# What to do:
Your job is to set down the stretch of entries that opens with the line containing "Minting: If account" and closes with the line containing "U subotu 12.02.2022 godine u Sokolskom". Keep both end lines, copy each exactly, and add nothing.

# Exercise input:
========

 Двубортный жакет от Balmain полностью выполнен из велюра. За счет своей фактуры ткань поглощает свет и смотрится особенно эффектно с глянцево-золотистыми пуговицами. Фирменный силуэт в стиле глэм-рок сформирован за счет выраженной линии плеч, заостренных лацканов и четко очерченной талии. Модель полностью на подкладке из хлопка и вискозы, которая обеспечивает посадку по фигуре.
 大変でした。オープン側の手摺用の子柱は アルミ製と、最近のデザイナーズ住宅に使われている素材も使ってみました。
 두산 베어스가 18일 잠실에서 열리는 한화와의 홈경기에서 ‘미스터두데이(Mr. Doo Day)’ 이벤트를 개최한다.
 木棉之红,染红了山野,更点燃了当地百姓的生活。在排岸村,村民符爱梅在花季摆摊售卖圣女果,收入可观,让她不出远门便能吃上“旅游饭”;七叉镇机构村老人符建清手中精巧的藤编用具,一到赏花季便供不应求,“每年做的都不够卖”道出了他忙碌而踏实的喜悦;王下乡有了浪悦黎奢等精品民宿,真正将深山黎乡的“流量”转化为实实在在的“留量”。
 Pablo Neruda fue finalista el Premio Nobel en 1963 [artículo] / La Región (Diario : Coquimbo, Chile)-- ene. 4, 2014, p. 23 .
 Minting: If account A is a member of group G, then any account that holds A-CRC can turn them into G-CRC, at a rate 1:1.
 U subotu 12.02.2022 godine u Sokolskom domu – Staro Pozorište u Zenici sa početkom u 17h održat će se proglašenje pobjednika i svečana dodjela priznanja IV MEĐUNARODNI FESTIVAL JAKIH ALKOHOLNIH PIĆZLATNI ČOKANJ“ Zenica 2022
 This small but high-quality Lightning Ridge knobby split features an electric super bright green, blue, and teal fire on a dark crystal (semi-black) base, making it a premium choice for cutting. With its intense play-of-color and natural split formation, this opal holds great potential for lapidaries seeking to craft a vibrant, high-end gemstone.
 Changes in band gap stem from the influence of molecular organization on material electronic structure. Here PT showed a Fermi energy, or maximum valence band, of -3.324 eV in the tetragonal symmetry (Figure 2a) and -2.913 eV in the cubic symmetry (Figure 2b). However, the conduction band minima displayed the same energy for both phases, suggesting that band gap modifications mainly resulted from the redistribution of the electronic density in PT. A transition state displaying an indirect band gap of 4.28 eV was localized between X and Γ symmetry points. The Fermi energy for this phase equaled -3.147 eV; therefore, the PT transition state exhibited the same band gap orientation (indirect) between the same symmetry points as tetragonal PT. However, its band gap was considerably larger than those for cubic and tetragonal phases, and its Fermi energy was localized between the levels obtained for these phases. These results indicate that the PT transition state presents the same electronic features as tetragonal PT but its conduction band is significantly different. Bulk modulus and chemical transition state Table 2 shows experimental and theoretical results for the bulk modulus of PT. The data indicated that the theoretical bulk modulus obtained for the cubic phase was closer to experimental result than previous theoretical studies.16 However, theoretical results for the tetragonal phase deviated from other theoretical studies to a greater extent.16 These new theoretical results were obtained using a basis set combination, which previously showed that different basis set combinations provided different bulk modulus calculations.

========

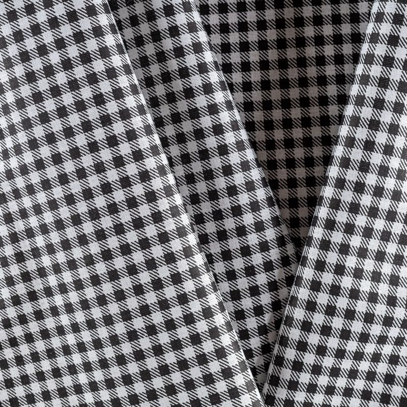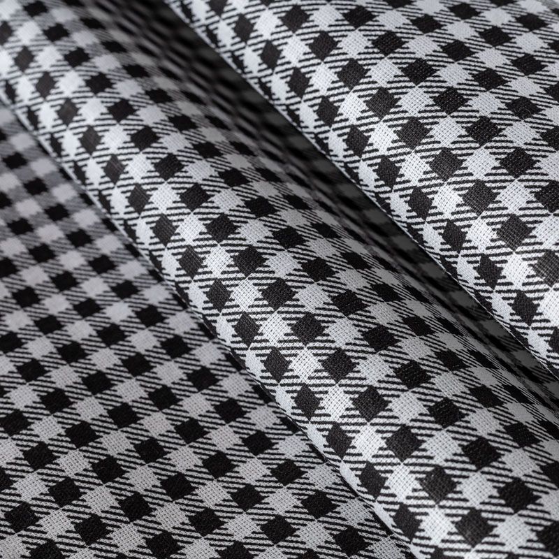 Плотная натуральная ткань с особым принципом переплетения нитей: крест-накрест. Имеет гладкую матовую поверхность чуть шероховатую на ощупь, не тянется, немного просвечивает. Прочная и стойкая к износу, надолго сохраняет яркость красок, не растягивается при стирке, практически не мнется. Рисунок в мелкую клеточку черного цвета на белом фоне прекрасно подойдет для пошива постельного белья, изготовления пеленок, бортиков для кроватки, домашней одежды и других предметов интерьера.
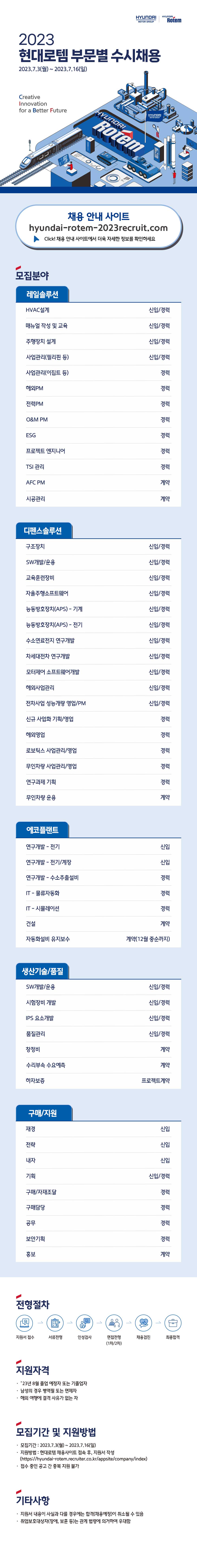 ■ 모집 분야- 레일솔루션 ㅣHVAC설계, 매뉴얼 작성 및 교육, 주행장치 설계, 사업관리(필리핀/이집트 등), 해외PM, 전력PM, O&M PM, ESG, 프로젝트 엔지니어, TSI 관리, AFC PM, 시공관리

========

# Exercise answer:
 Minting: If account A is a member of group G, then any account that holds A-CRC can turn them into G-CRC, at a rate 1:1.
 U subotu 12.02.2022 godine u Sokolskom domu – Staro Pozorište u Zenici sa početkom u 17h održat će se proglašenje pobjednika i svečana dodjela priznanja IV MEĐUNARODNI FESTIVAL JAKIH ALKOHOLNIH PIĆZLATNI ČOKANJ“ Zenica 2022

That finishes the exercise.